Main

Humans contain two homologous copies of every chromosome, and deriving the genome sequence of each copy is essential to correctly understand allele-specific DNA methylation and gene expression, and to analyze evolution, forensics and genetic diseases1. However, traditional de novo assembly algorithms that reconstruct genome sequences often represent the sample as a haploid genome. For a diploid genome such as the human genome, this collapsed representation results in the loss of half of heterozygous variations in the genome, may introduce assembly errors in regions diverged between haplotypes and may lead to inflated assembly for species with high heterozygosity2. Several algorithms have been proposed to generate haplotype-resolved assemblies, also known as phased assemblies. Early efforts such as FALCON-Unzip3, Supernova4 and our previous work5 used relatively short-range sequence data for phasing and can resolve haplotypes only up to several megabases for human samples. These methods are unable to phase through centromeres or long repeats. FALCON-Phase6, which extends FALCON-Unzip, uses Hi-C to connect phased sequence blocks and can generate longer haplotypes, but it cannot achieve chromosome-long phasing. Trio binning7,8 is the only published method that can do this, plus the assembly and phasing of entire chromosomes. It uses sequence reads from both parents to partition the offspring’s long reads and then assemble each partition separately. However, trio binning is unable to resolve regions heterozygous in all three samples in the trio and will leave such regions unphased. More importantly, parental samples are not always available—for example, for samples caught in the wild or when parents are deceased. For Mendelian diseases, de novo mutations in the offspring will not be captured and phased with the parents if there are no other heterozygotes nearby.
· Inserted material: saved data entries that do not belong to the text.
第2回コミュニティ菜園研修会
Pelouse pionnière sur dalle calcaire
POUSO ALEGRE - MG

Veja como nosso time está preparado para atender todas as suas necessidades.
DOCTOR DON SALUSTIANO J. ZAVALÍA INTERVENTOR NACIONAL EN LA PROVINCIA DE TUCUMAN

This limits the application of trio binning. Therefore, we currently lack methods that can accurately produce phased assembly for a single individual and keep pace with sequence technology innovations.
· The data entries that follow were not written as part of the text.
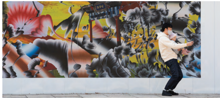
左上から《仮囲い》、《小龙虾》 ほか 掲出風景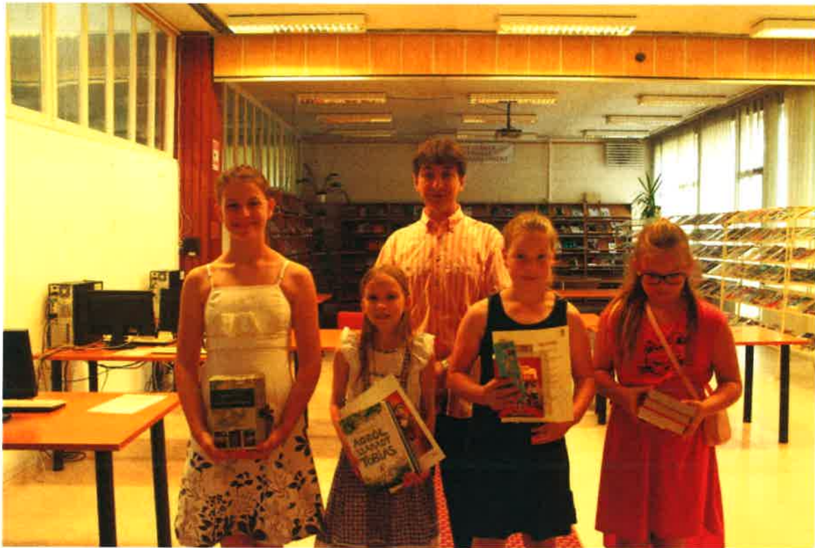
A legtöbbet olvasó Könyvfalók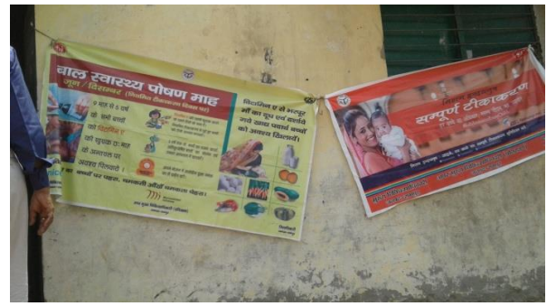
BSPM & RI Banner at Session Site Chidiya A/W Center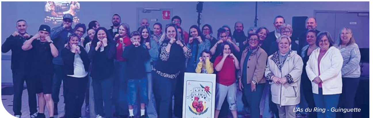
L'As du Ring - Guinguette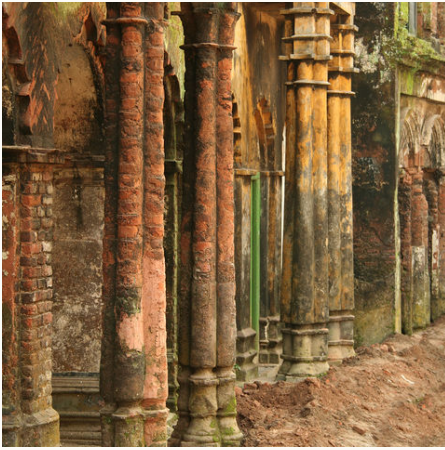
Bunte Wände und Säulen in Sonargon, Bangladesch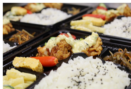
チキン南蛮弁当。真っ赤なウィンナーと卵焼きは欠かせない。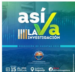
Ilustración 2: Invitación por correo institucional

Con atento saludo le invitamos a la presentación de la rendición de cuentas de la vigencia 2021 de la Vicerrectoría de Investigación, a realizarse el día miércoles 15 de diciembre de 2021 a las 3:00 p.m., la cual se realizará en el Auditorio Neguanje y será transmitida por la plataforma Facebook live de la Vicerrectoría de Investigación.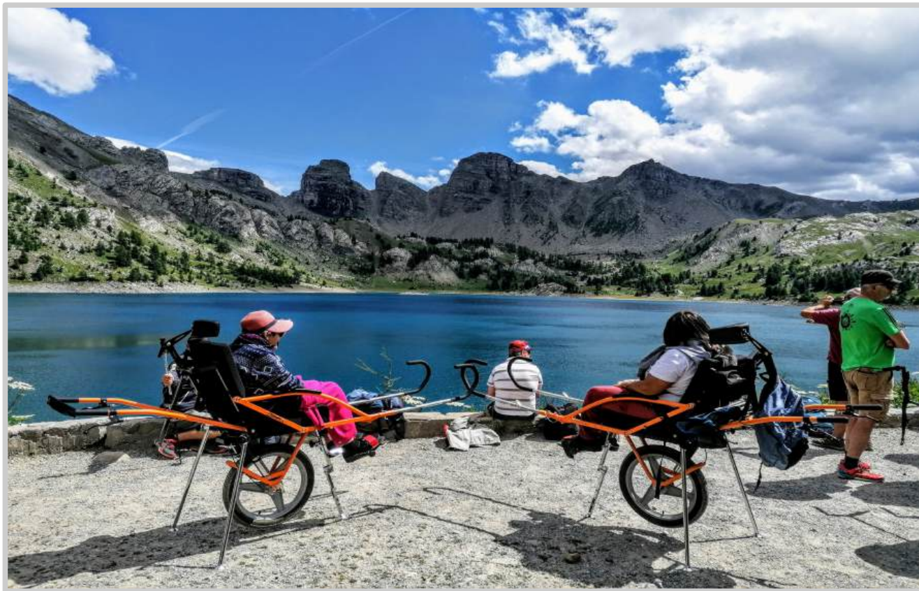
Sortie pour personnes à mobilité réduite autour du lac d'Allos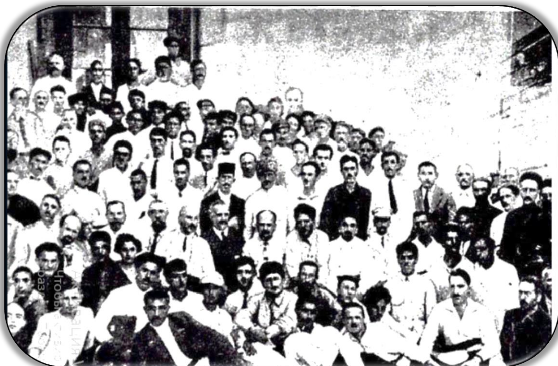
Haqverdiyev I Azərbaycan ölkəşünaslıq qurultayı nümayəndələri ilə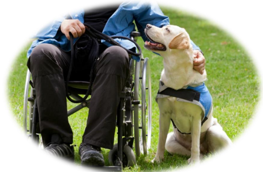
Asistencia y terapia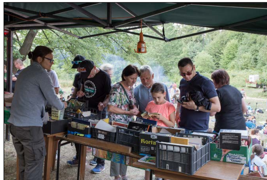
Sporo osób wyjechało z książką z Polany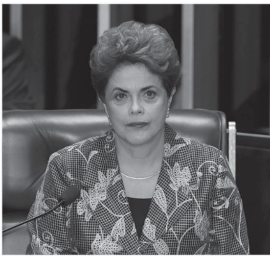
弁明を行うジウマ大統領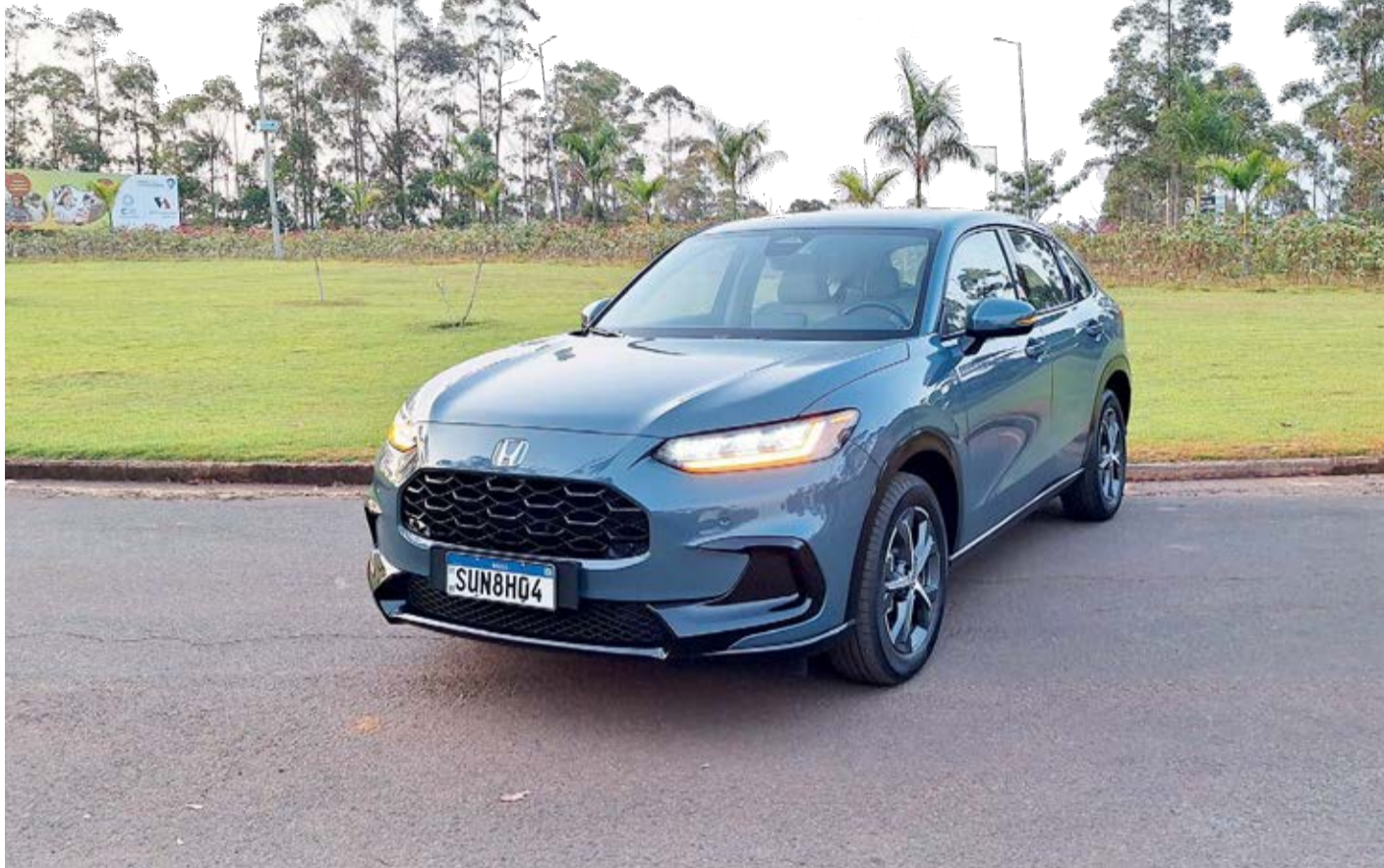
SUV Honda ZR-V Touring: Modelo tem linhas mais arredondadas e a grade frontal em colmeia e na cor preto brilhante

No visual, destaque para as linhas arredondadas da carroceria, a grade ovalada em colmeia na cor preto brilhante, as rodas de liga de 17 polegadas e todas as luzes completamente

To overcome the limitations in existing methods, we combined recent advances in long-read assembly and Hi-C-based phasing to develop DipAsm, which accurately reconstructs the two haplotypes in a diploid individual using only PacBio’s long high-fidelity (HiFi) reads9 and Hi-C data10, both at ~30-fold coverage, without any pedigree information (Fig. 1). Starting with an unphased Peregrine11 assembly scaffolded by 3D-DNA12 or HiRise13, our pipeline calls small variants with DeepVariant14, phases them with WhatsHap15 and HapCUT2 (ref. 16), partitions the reads and assembles each partition independently with Peregrine again (Methods). Grouping contigs into chromosome-long scaffolds is necessary for phasing of entire chromosomes by WhatsHap and HapCUT2.
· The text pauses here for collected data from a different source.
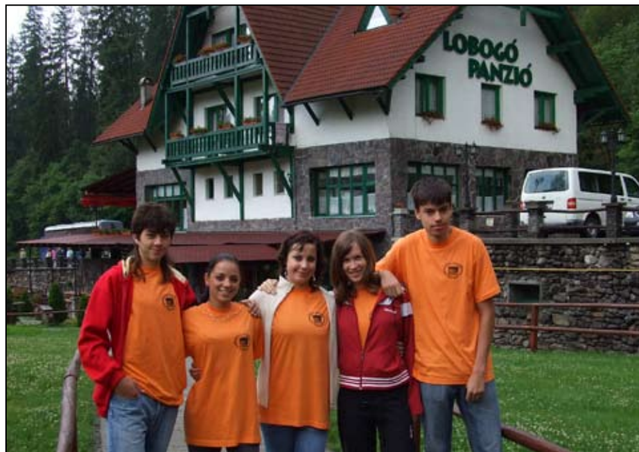
A Lobogó Panzió csodálatos környezetében remekül érezték magukat a gyerekek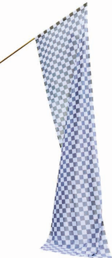
Eine „Neue Ebene“ in Photoshop verkörpert erst einmal: Nichts. Frenzy Höhne hat entsprechend die Fahnen gehisst.

Im Anschluss findet eine Filmvorführung aus der Residenz in Sofia statt.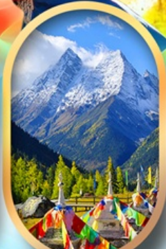
อุทยานสีดรุณี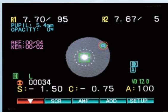
高速他覚屈折測定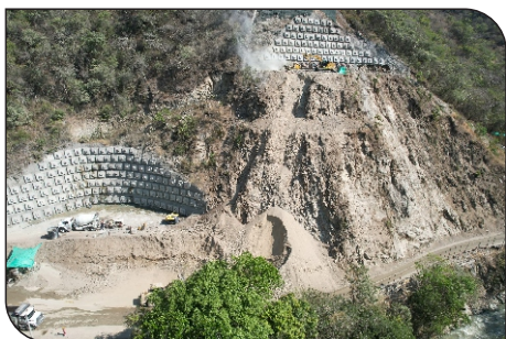
CIELO ABIERTO 4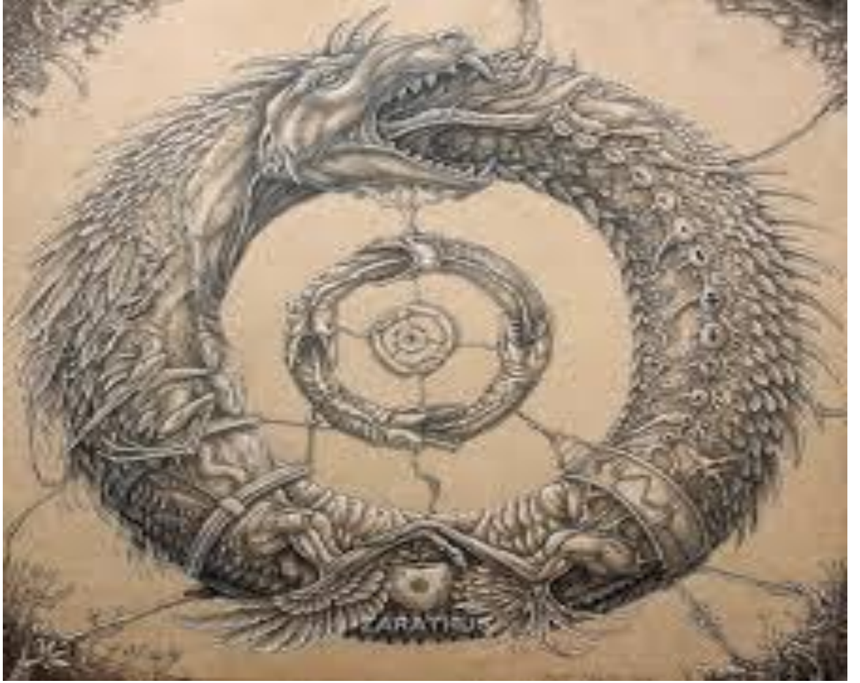
Şekil 12: Uroboros Tasviri

(bkz. http://i299.photobucket.com/albums/mm317/vickiemccolley/Ouroboros_by_zarathus.jpg , Erişim Tarihi, 25 Mayıs 2016).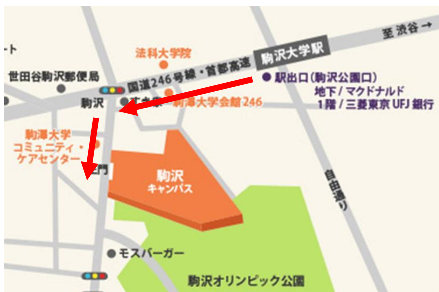
最寄駅（駒沢大学駅）から大学正門までの経路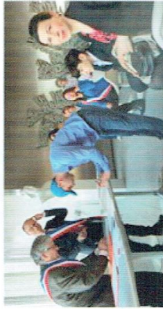
Parrainage républicain d'une famille géorgienne à la mairie de Grand-Quevilly 76

Je suis arrivé en France en 2017. A Cherbourg, j'ai intégré la communauté Emmaüs. J'ai vécu 2 ans dans cette communauté et l'Eglise m'a porté et soutenu dans les bons et les mauvais moments. A la suite d'un contrôle de la PAF (police de l'air et des frontières) j'ai eu une OQTF qui a été annulée grâce au combat et la mobilisation de tous et ceci jusqu'à l'obtention d'un titre de séjour. Aujourd'hui, j'ai suivi une formation d'aide-soignant et je travaille dans une maison de retraite.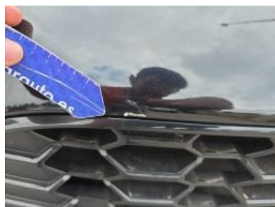
Imagen - 50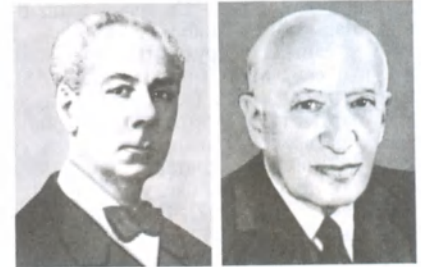
Р. Мартэн дзю Гар. А. Маруа.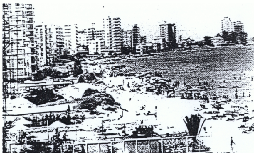
Αμμόχωστος η νεκρή πολιτεία

Η πόλη εκκενώθηκε πλήρως από τον ελληνικό πληθυσμό της κατά τη δεύτερη φάση της τουρκικής εισβολής, μπροστά στον κίνδυνο του βάρβαρου τουρκικού στρατού και αφού η πόλη είχε επανειλημμένα βομβαρδιστεί από την τουρκική αεροπορία.

Fig. 1: Outline of the phased assembly algorithm, DipAsm.
figure 1

Assemble HiFi reads into unphased contigs using Peregrine (1); group and order contigs into scaffolds with Hi-C data using HiRise/3D-DNA (3D de novo assembly) (2); map HiFi reads to scaffolds and call heterozygous SNPs using DeepVariant (3); phase heterozygous SNP calls with both HiFi and Hi-C data using WhatsHap plus HapCUT2 (4); partition reads based on their phase using WhatsHap (5); assemble partitioned reads into phased contigs using Peregrine (6).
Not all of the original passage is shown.